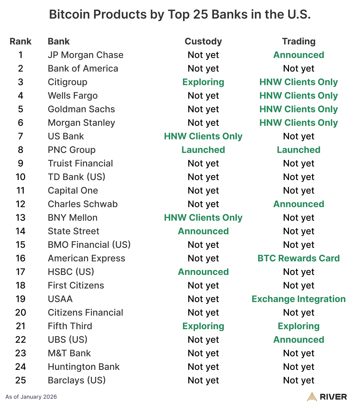 Con un entorno regulatorio favorable en EE. UU., los bancos pueden custodiar bitcoin y ofrecer productos de bitcoin a sus clientes.
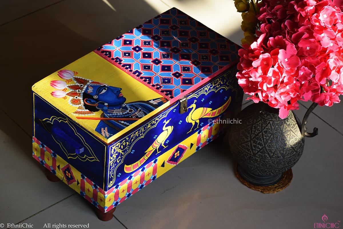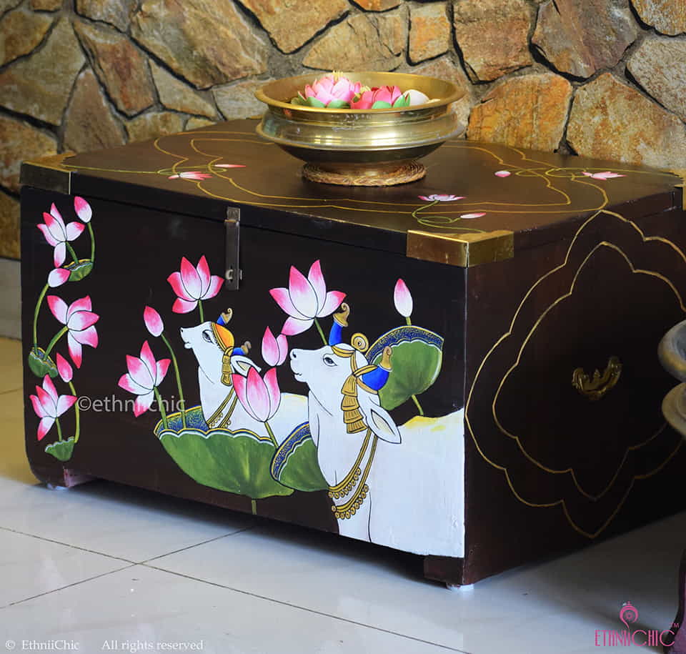 A commissioned project to upcycle the heirloom Kerala trunk with Pichwai Cow and Lotus Motifs was done
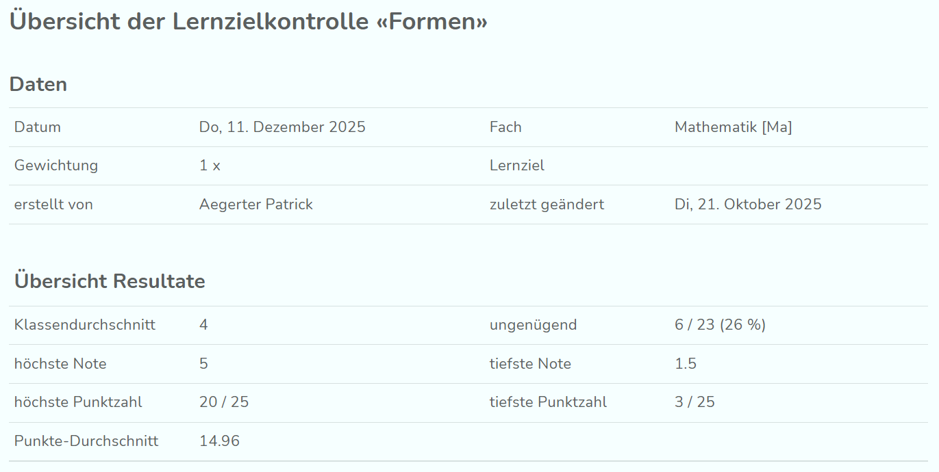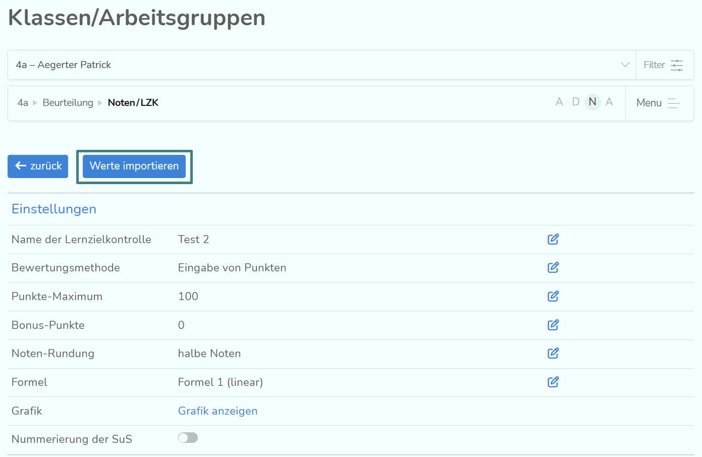 Weiter unten auf der Seiter zu den Resultaten der LZK kannst du das Ergebnis pro Schüler:in eintragen oder bearbeiten. Je nachdem, welche Art der Bewertung du beim Erstellen der LZK gewählt hast, sieht die Eingabe ein wenig anders aus.
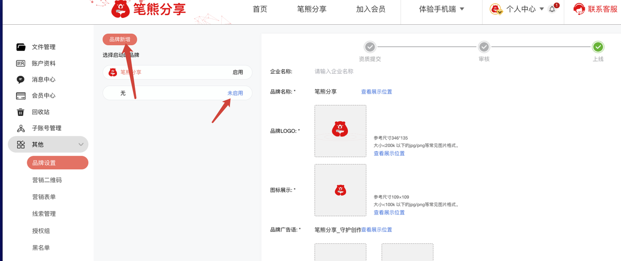 ⚠️ 注意:启用品牌设置后 域名与小程序名称无法更改,依然显示笔熊分享平台信息。
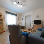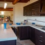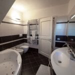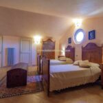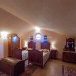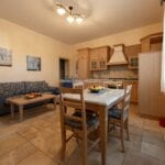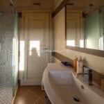 The guest apartment, covering 130 sqm on the ground floor, includes a living area with a charming kitchenette, three bedrooms, and two bathrooms equipped with whirlpool baths and showers.
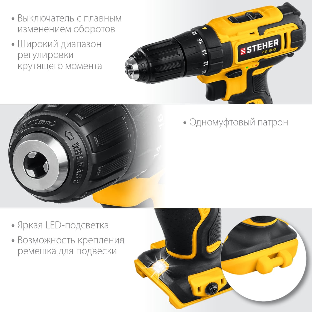 | Индикатор уровня зарядки на корпусе дрели | да |
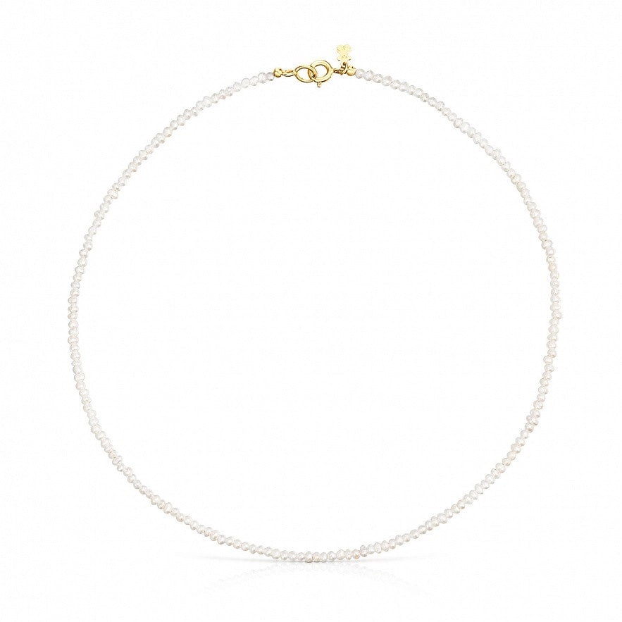 Чокер TOUS Camille с покрытием из 18-каратного золота поверх серебра и белым жемчугом круглой огранки диаметром 2 мм.Длина: 38см.Изделие изготовлено из стерлингового серебра с позолотой от 18 до 23 карат и толщиной 3 микрона.Это качество гарантирует большую долговечность украшения.

===

The problem -
Extract the run of lines from the line holding "A commissioned project" through the final line of the material above, exactly and inclusively. Leave the pictures behind.

Solution -
 A commissioned project to upcycle the heirloom Kerala trunk with Pichwai Cow and Lotus Motifs was done
 Weiter unten auf der Seiter zu den Resultaten der LZK kannst du das Ergebnis pro Schüler:in eintragen oder bearbeiten. Je nachdem, welche Art der Bewertung du beim Erstellen der LZK gewählt hast, sieht die Eingabe ein wenig anders aus.
 ⚠️ 注意:启用品牌设置后 域名与小程序名称无法更改,依然显示笔熊分享平台信息。
 The guest apartment, covering 130 sqm on the ground floor, includes a living area with a charming kitchenette, three bedrooms, and two bathrooms equipped with whirlpool baths and showers.
 | Индикатор уровня зарядки на корпусе дрели | да |
 Чокер TOUS Camille с покрытием из 18-каратного золота поверх серебра и белым жемчугом круглой огранки диаметром 2 мм.Длина: 38см.Изделие изготовлено из стерлингового серебра с позолотой от 18 до 23 карат и толщиной 3 микрона.Это качество гарантирует большую долговечность украшения.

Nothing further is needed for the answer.